What needs to be done — Would you please print exactly the lines that run from the one with "Une petite boîte" to the last line of the data, both included, without any pictures?

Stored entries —
══════════════════════════════

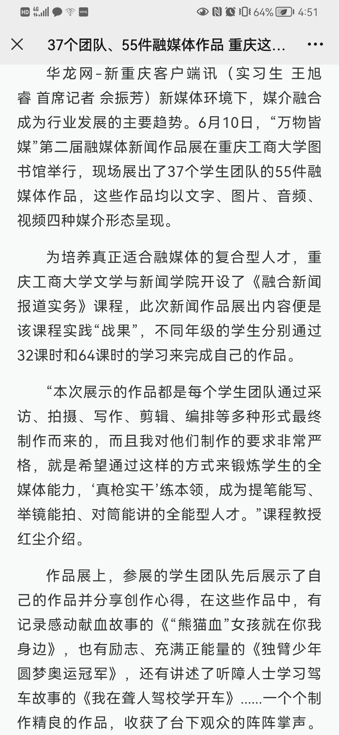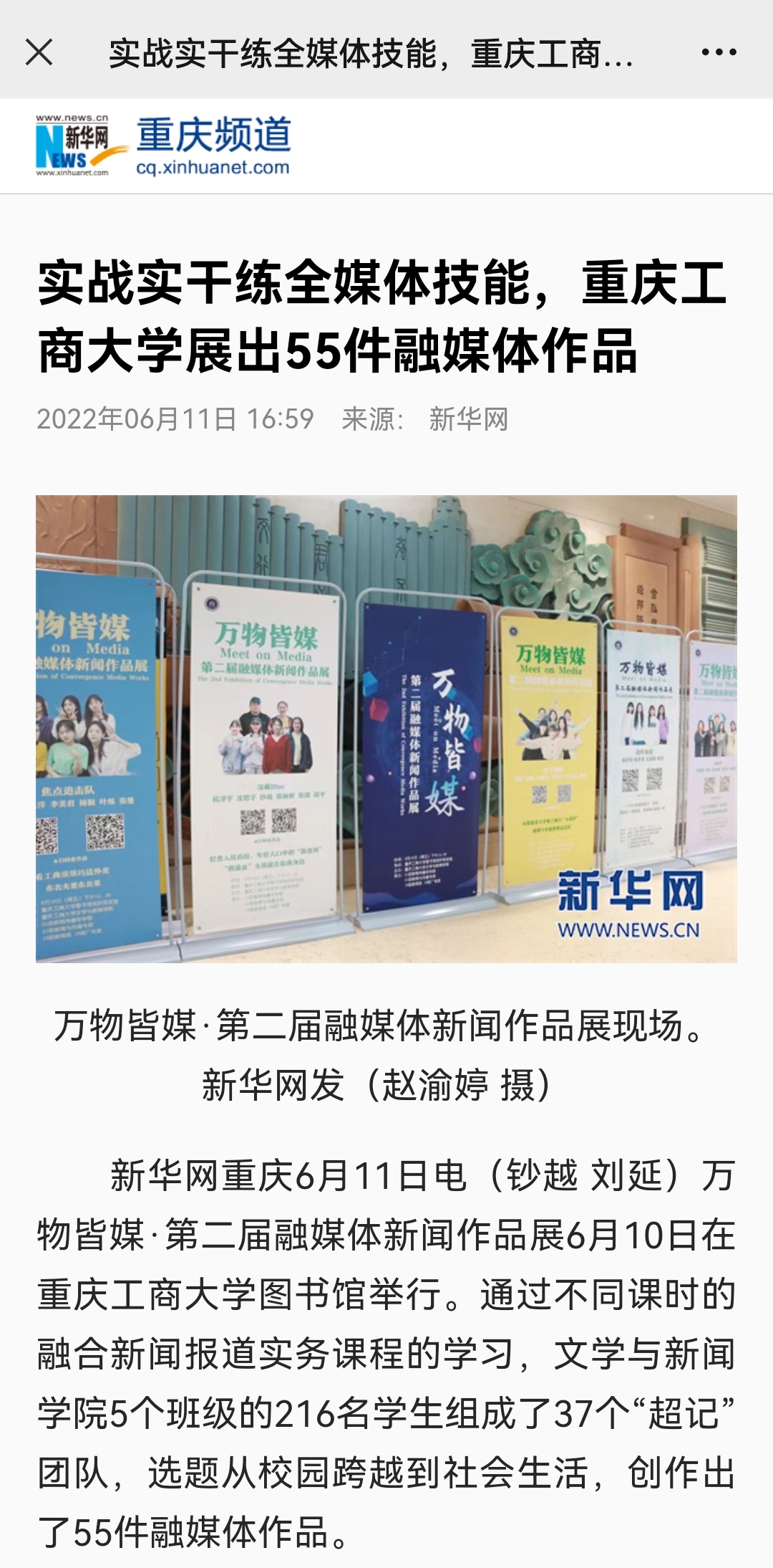 近日,重庆日报、新华网重庆频道等近10家媒体报道我校文学与新闻学院万物皆媒·第二届融媒体新闻作品展。6月10日,重庆日报以“万物皆媒,来乐鱼在线登录看第二届融媒体新闻作品展”为题报道我校文学与新闻学院万物皆媒·第二届融媒体新闻作品展。华龙网-新重庆客户端以“37个团队、55件融媒体作品 重庆这所高校让学生“真枪实干”练本领”为题报道我校文学与新闻学院万物皆媒·第二届融媒体新闻作品展。新华网以“实战实干练全媒体技能,乐鱼在线登录展出55件融媒体作品”为题报道我校文学与新闻学院万物皆媒·第二届融媒体新闻作品展。上游新闻以“万物互媒—第二届融媒体新闻作品展,55件作品展示当代大学生创作实力”为题报道我校文学与新闻学院万物皆媒·第二届融媒体新闻作品展。今日头条、网易、澎湃新闻、新浪新闻等媒体以“实战实干练全媒体技能,乐鱼在线登录展出55件融媒体作品”为题进行转载报道。
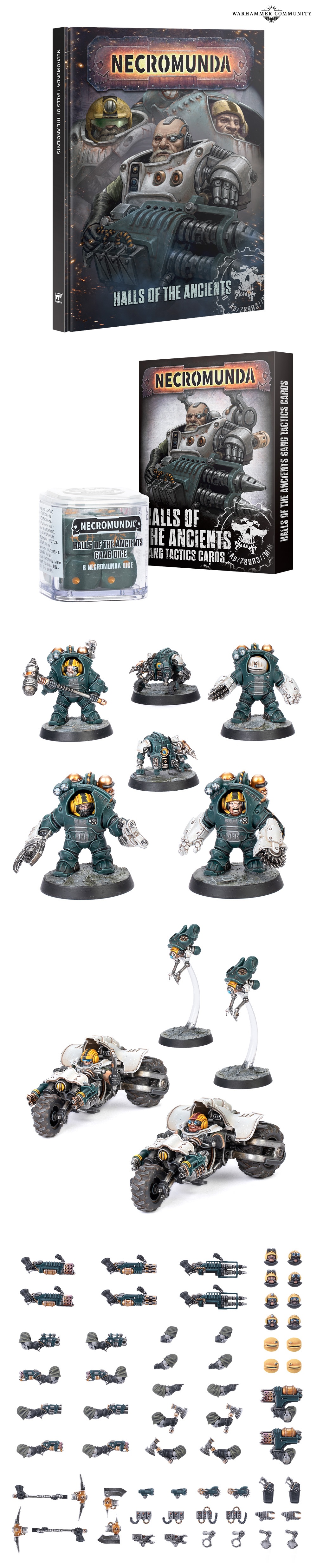 Теперь немного про приседаний Некромунды. Они получат свою книжку-дополнение The Halls of the Ancients. Лорная часть расскажет о том, как сюда попала Конфедерация Урлиш, как была заключена Великая Хартия, и что вообще они тут делают уже 10к лет. Обновленные правила для банд Скватов, расширенный список снаряжения, двух новых бойцов, экзотических зверей-техмитов и трайк плюс все чарактеры. Новые правила для Приседательной Родословной, которые позволят собрать свою банду Шахтерского Клана, либо же можно создать свой собственный Отколовшийся Клан. Все это приправлено 2 литниками оружия и свистелок-перделок.
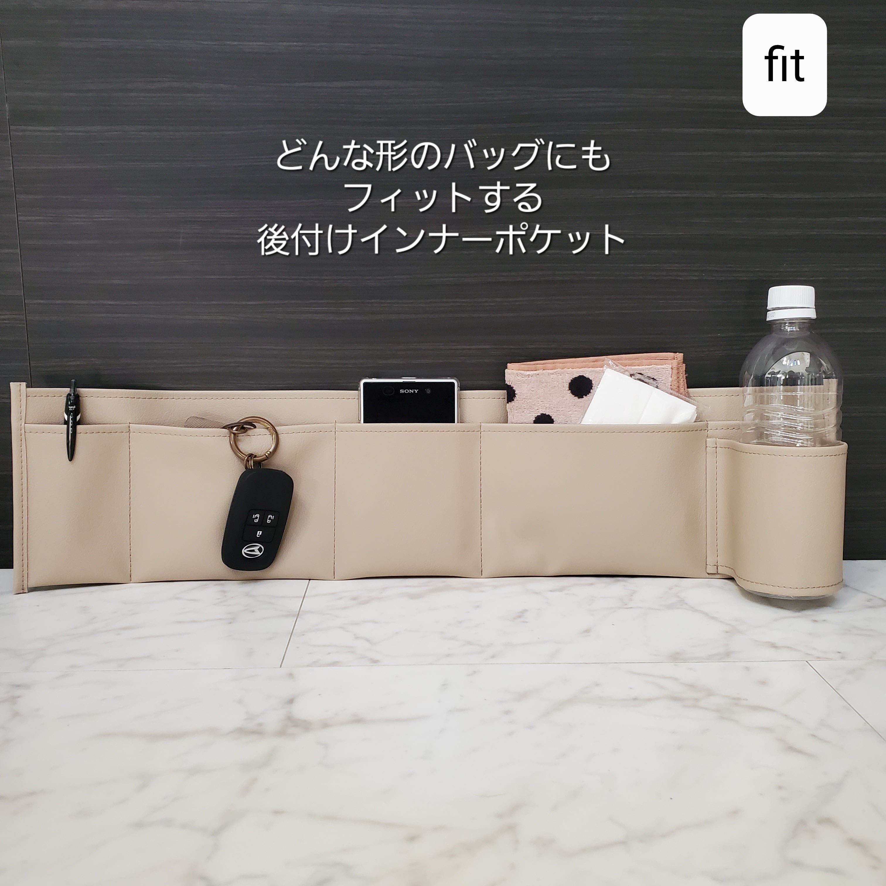 ◇アウトレット◇[fit レザー] 仕切りポケット どんな形のバッグにもフィットする後付けポケット バッグインバッグ
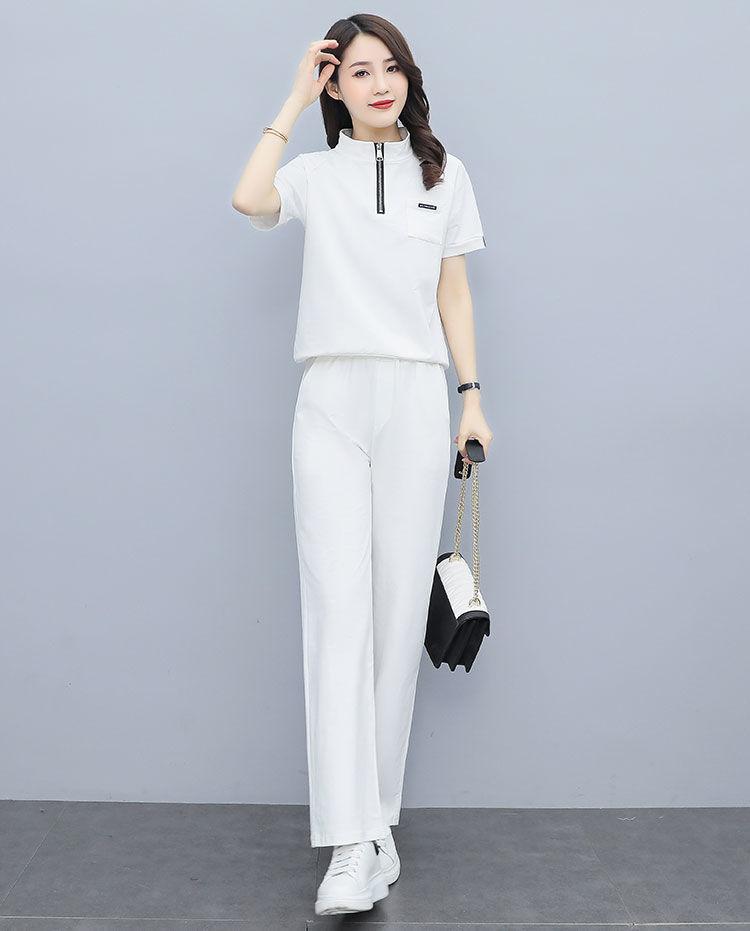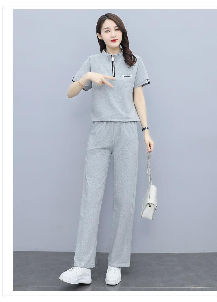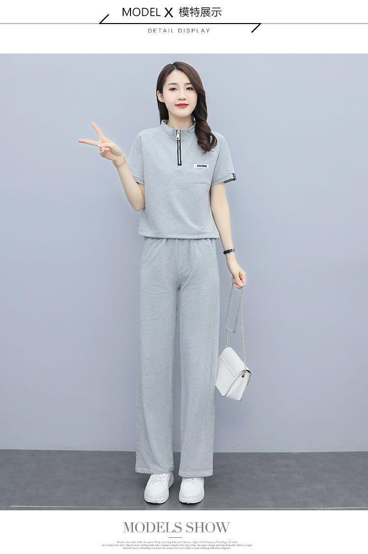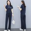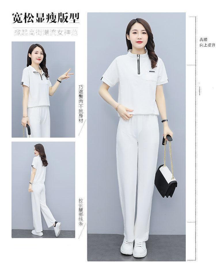 Traje Casual para Mujer Verano Manga Corta Nuevo Moderno para Mujer Trendy Pantalones Anchos Sueltos Ropa Deportiva Conjunto de Dos Piezas
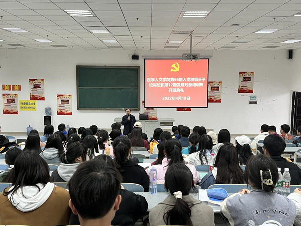 为了进一步加强对入党积极分子和发展对象的教育、培养和考察,提高入党积极分子和发展对象的政治素质和理论修养,确保高质量发展党员。2022年4月18日下午六点,太阳成城集团tyc234cc官网医学人文公司党委党校在南校区九思楼X4605教室举办第56期入党积极分子培训班暨第12期发展对象短期集中培训班开班典礼,公司党委书记江宣成、副经理严万森等相关负责人以及培训班全体学员参加。典礼由公司团委书记、培训班班主任马曾珍主持。
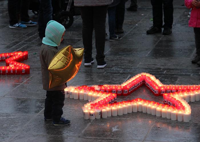 Caritas-Solidaritätsaktion „Eine Million Sterne“ lockte zahlreiche Passanten. Gemeinsamer Aufbau und Entzünden der Lichter. Unter den Teilnehmern der Veranstaltung auch zahlreiche Flüchtlinge
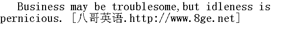 事业虽扰人,懒惰害更大。 He that thinks his business below him will always be above his business. 自命大才小用,往往眼高手低。 Do business,but be not a slave to it. 要做事,但不要做事务的奴隶。 Everybody's business is nobody's business. 众人的事就是无人过问的事。 Work makes the workman. 勤工出巧匠。
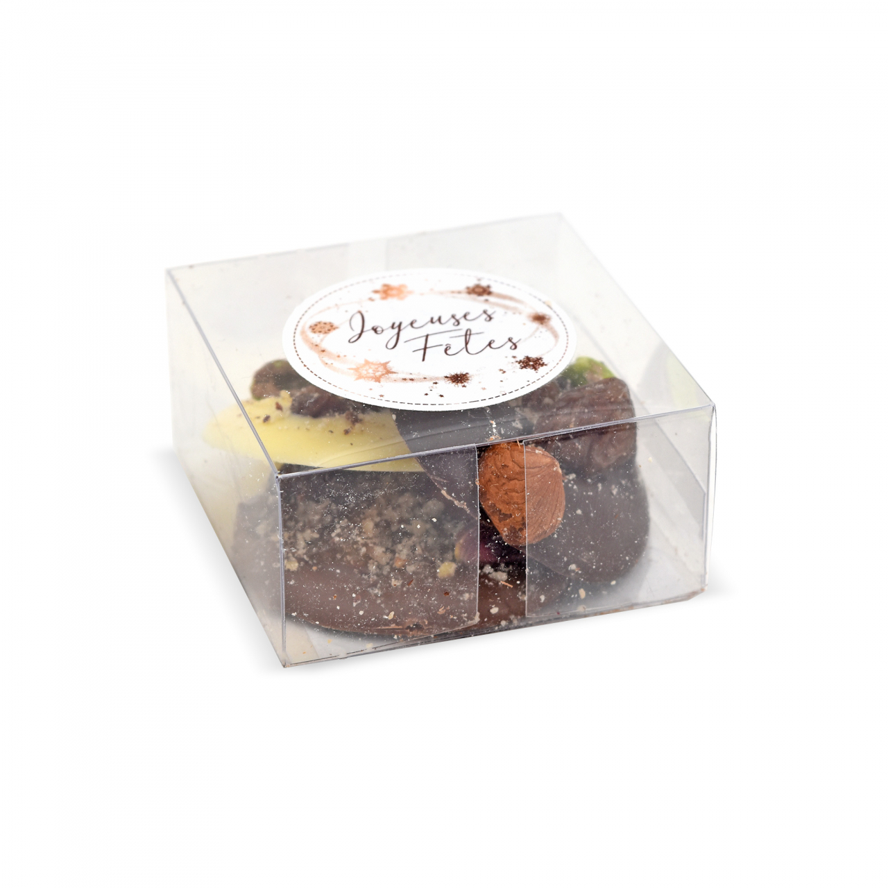 Une petite boîte contenant 3 mendiants assortis (palets de chocolats incrustés de fruits secs)
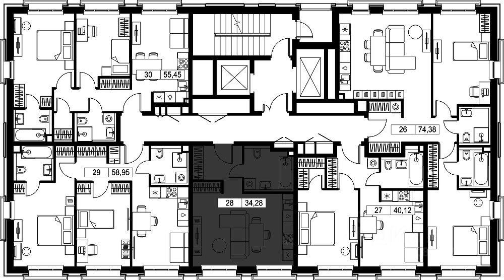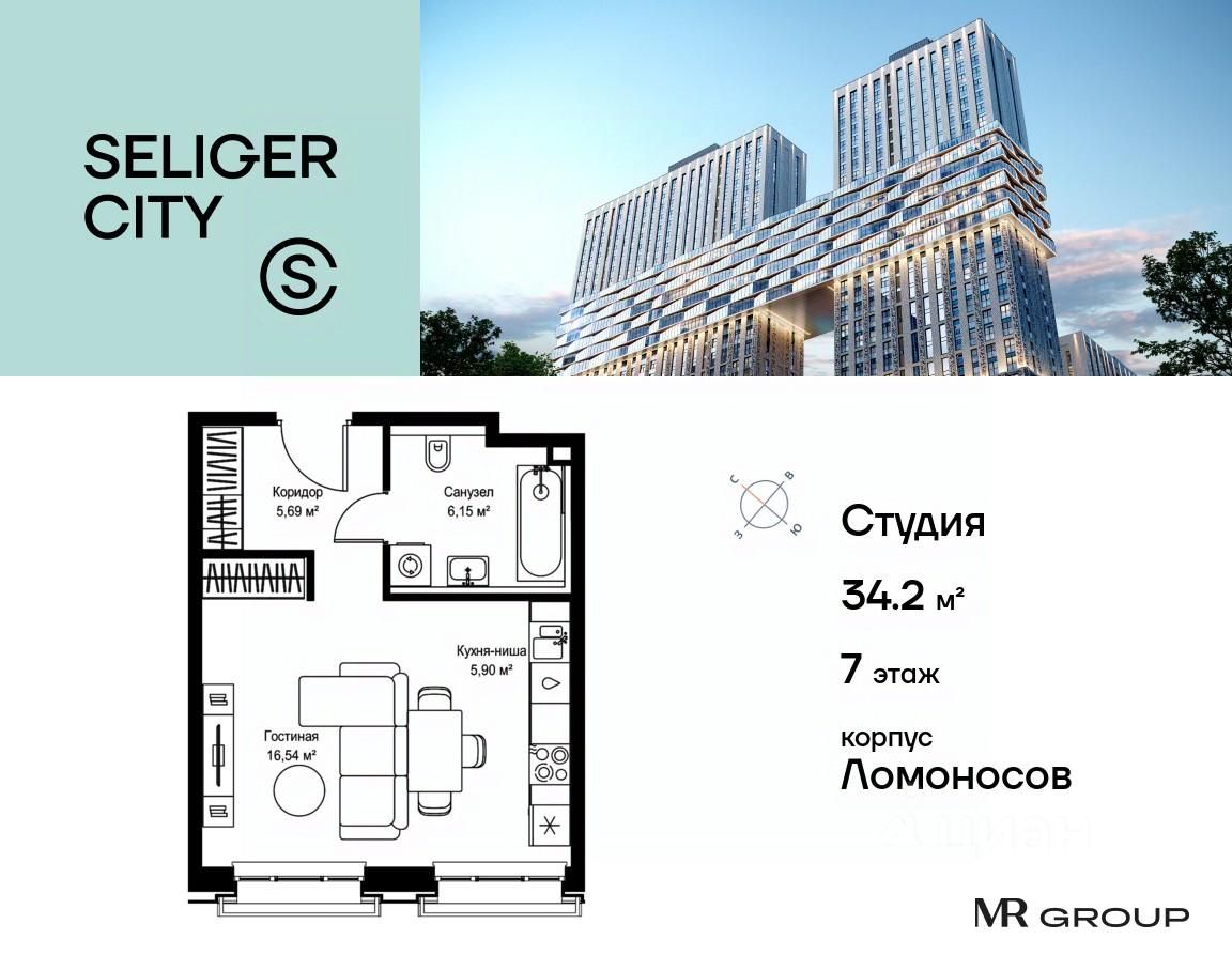 Продаётся студия общей площадью 34.28 м² без отделки в ЖК "Селигер Сити" на 7-м этаже корпуса Ломоносов.

══════════════════════════════

The answer —
 Une petite boîte contenant 3 mendiants assortis (palets de chocolats incrustés de fruits secs)
 Продаётся студия общей площадью 34.28 м² без отделки в ЖК "Селигер Сити" на 7-м этаже корпуса Ломоносов.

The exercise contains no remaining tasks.